Mainz University Medical Center establishes first professorship for non-surgical heart valve therapy in Germany

Focus on pioneering form of treatment of valvular heart defects

22.05.2014

The University Medical Center of Johannes Gutenberg University Mainz (JGU) has put in place Germany's first Professorship of Interventional Cardiac Valve Therapy. This professorship is based in the Department of Internal Medicine II (Cardiology, Angiolog, Poison Control Center) headed by Professor Thomas Münzel. The establishment of the new professorship underscores the position of the Mainz University Medical Center as one of Germany’s leading centers in the sector of this new discipline. Interventional heart valve therapy is a minimally invasive procedure that is used to correct heart valve defects. It is thus particularly non-aggressive as there is no need to open the ribcage as in the case of conventional cardiac valve operations in order to perform open heart surgery.

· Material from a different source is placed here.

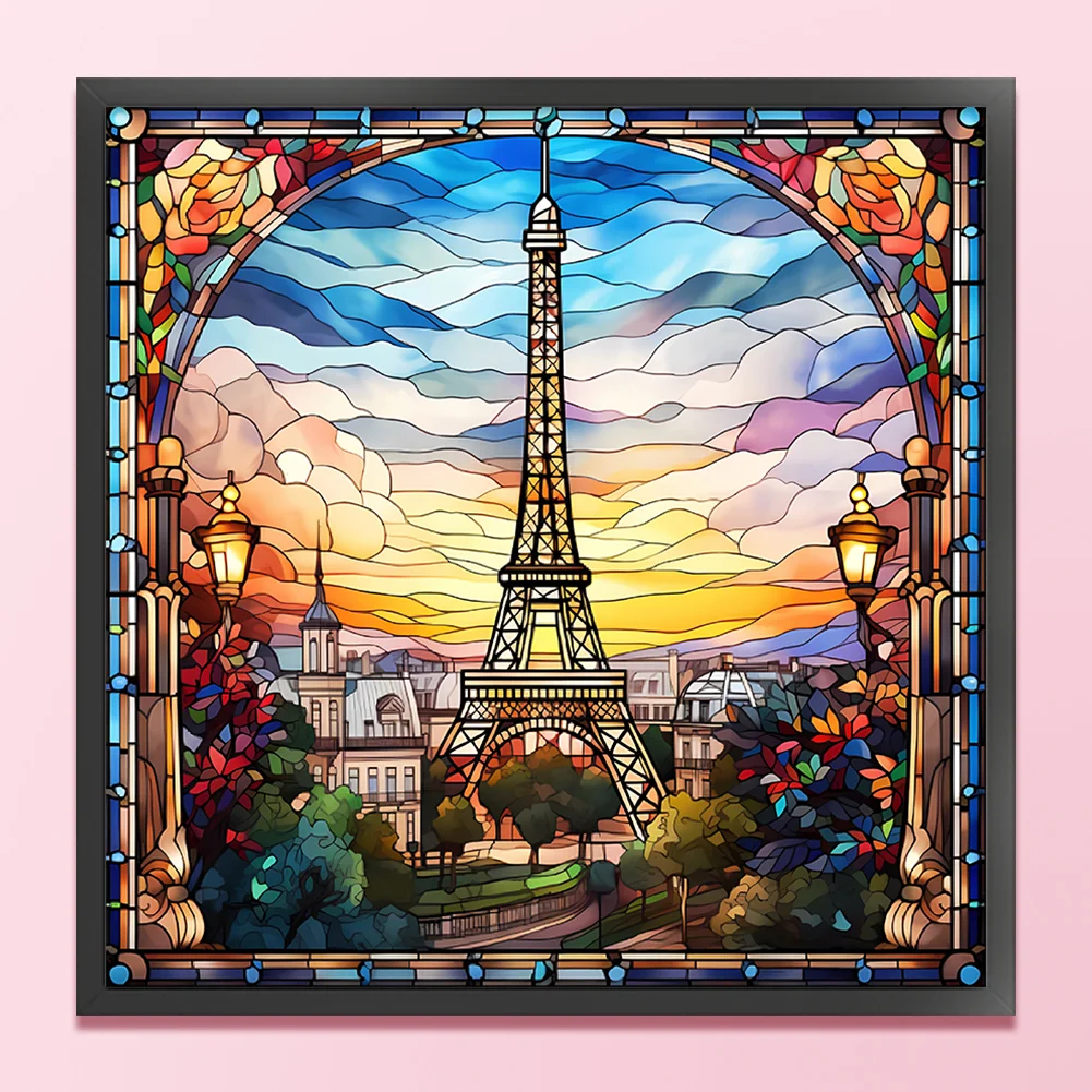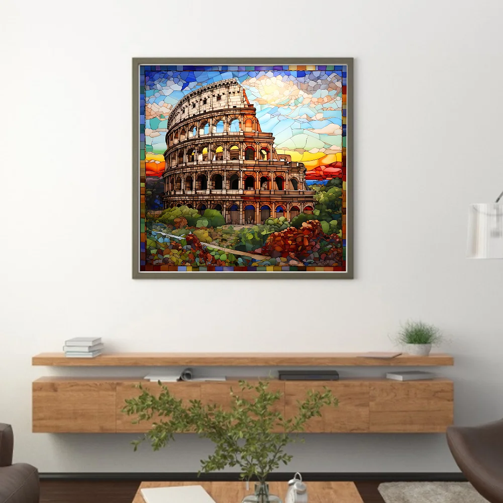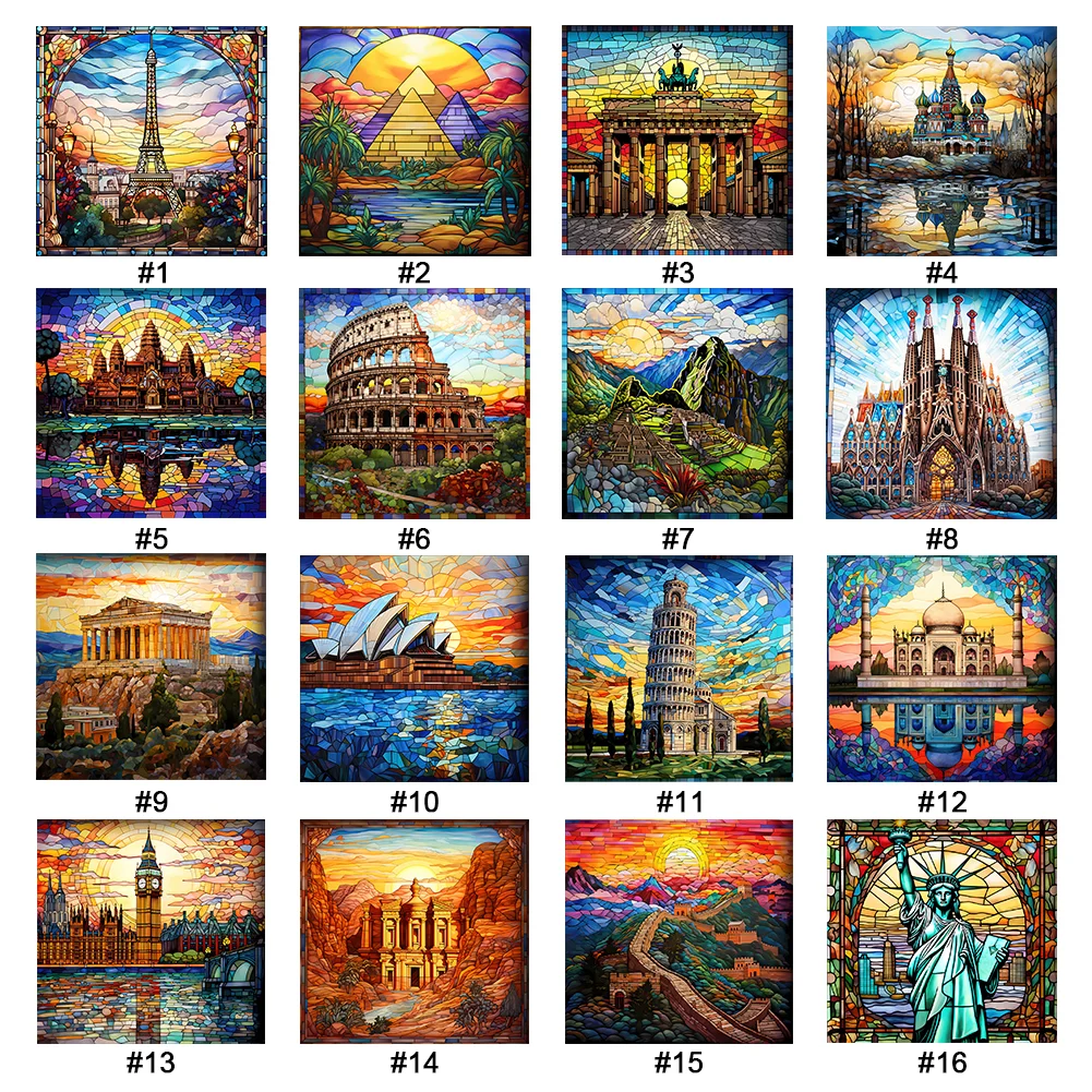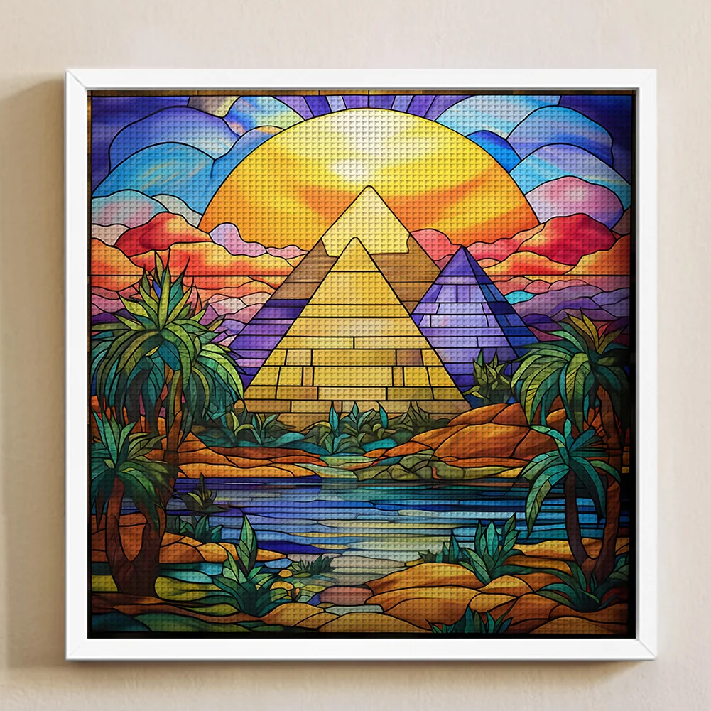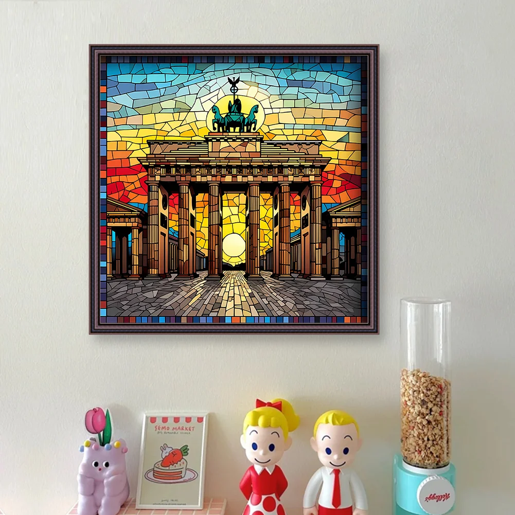 [Hot Series] -11CT Full Stamped Cross Stitch Kit - Stained Glass Landscape (50*50CM)

The two most common forms of heart valve defect can both be treated by means of interventional heart valve therapy. Interventional heart valve therapy, also known as transcatheter aortic valve implantation or TAVI, is primarily used to treat patients with stenosis of the aortic valve. This involves the insertion of a catheter, i.e., a tube some six millimeters in diameter, via the femoral artery into the heart. Cardiac surgeons then use the catheter to deliver a folded replacement valve. The diseased valve is not replaced in the process, but is covered by the new valve. Sometimes a balloon is inflated to help attach the new valve to the old, calcified valve.

The benefit of this form of keyhole surgery is that the characteristic side effects of standard open heart surgery, such as wound pain or delayed wound healing, are avoided with the result that patients tend to recover much more rapidly and experience fewer complications. There is also no need during a TAVI procedure to use a heart-lung machine as in the case of the usual surgical approach.

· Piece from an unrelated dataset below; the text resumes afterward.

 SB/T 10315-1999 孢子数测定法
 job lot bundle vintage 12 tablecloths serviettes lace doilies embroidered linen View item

Although the technique is still new, TAVI was performed in almost as many cases as the conventional surgical procedure last year in Germany. Accompanying this development are promising initial results from the so-called PARTNER and PIVOTAL studies that demonstrate that the outcomes achieved using the TAVI method are better or at least equivalent to those observed following the use of conventional surgery in certain patients. The use of the TAVI catheter technique is predominantly indicated in patients for whom surgery represents an unacceptable risk because of their advanced age or because they have other concomitant complications.

Founded in 2010, the Interventional Heart Valve Therapy Unit is part of the Department of Internal Medicine II of the Mainz University Medical Center. "The MitraClip Registry shows that the unit has developed in recent years to become one of the main centers using the catheter technique to treat valvular heart disease and it is this achievement that we wished to emphasize by creating a Professorship for Interventional Heart Valve Therapy," said the Chairperson and Chief Medical Officer of the Mainz University Medical Center, Professor Babette Simon. More than 200 catheter valve replacement procedures are performed each year at the Mainz University Medical Center, making it one of the national reference centers for this technique.

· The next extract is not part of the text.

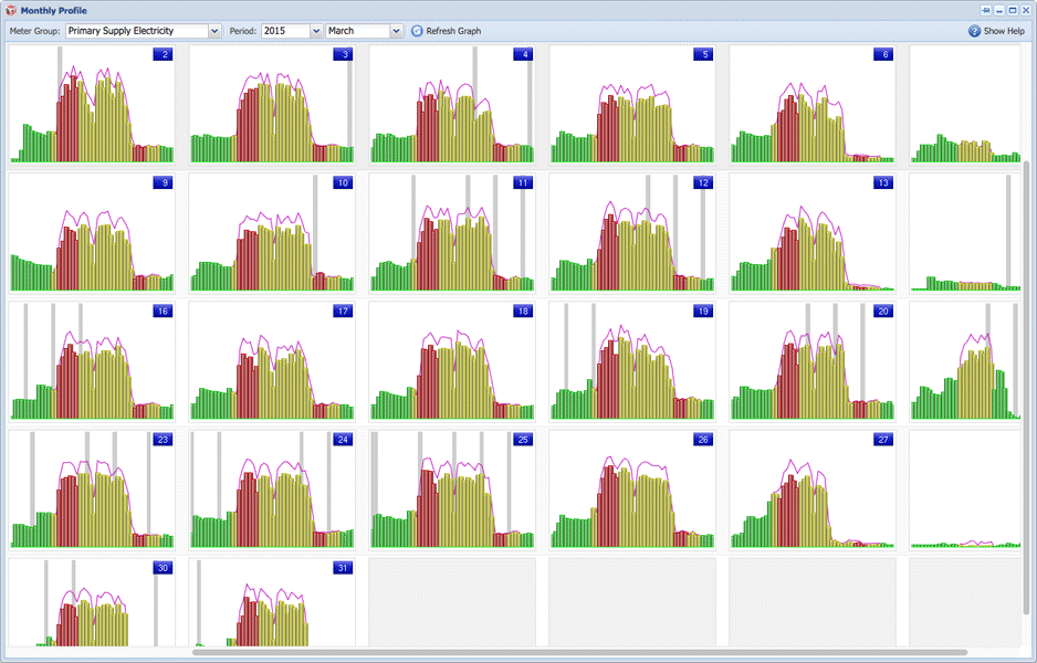 The Monthly Profile utility shows a composite load profile graph that shows an overview of consumption for an entire month.

In the view of Professor Ulrich Förstermann, the Chief Scientific Officer of the Mainz University Medical Center, the new interventional heart valve therapy strategy will give patients, particularly older patients in whom treatment was not previously an option, the chance to live longer, pain-free lives. "We hope to facilitate further progress in this promising field by making it one of our focal research areas here in Mainz," added Förstermann.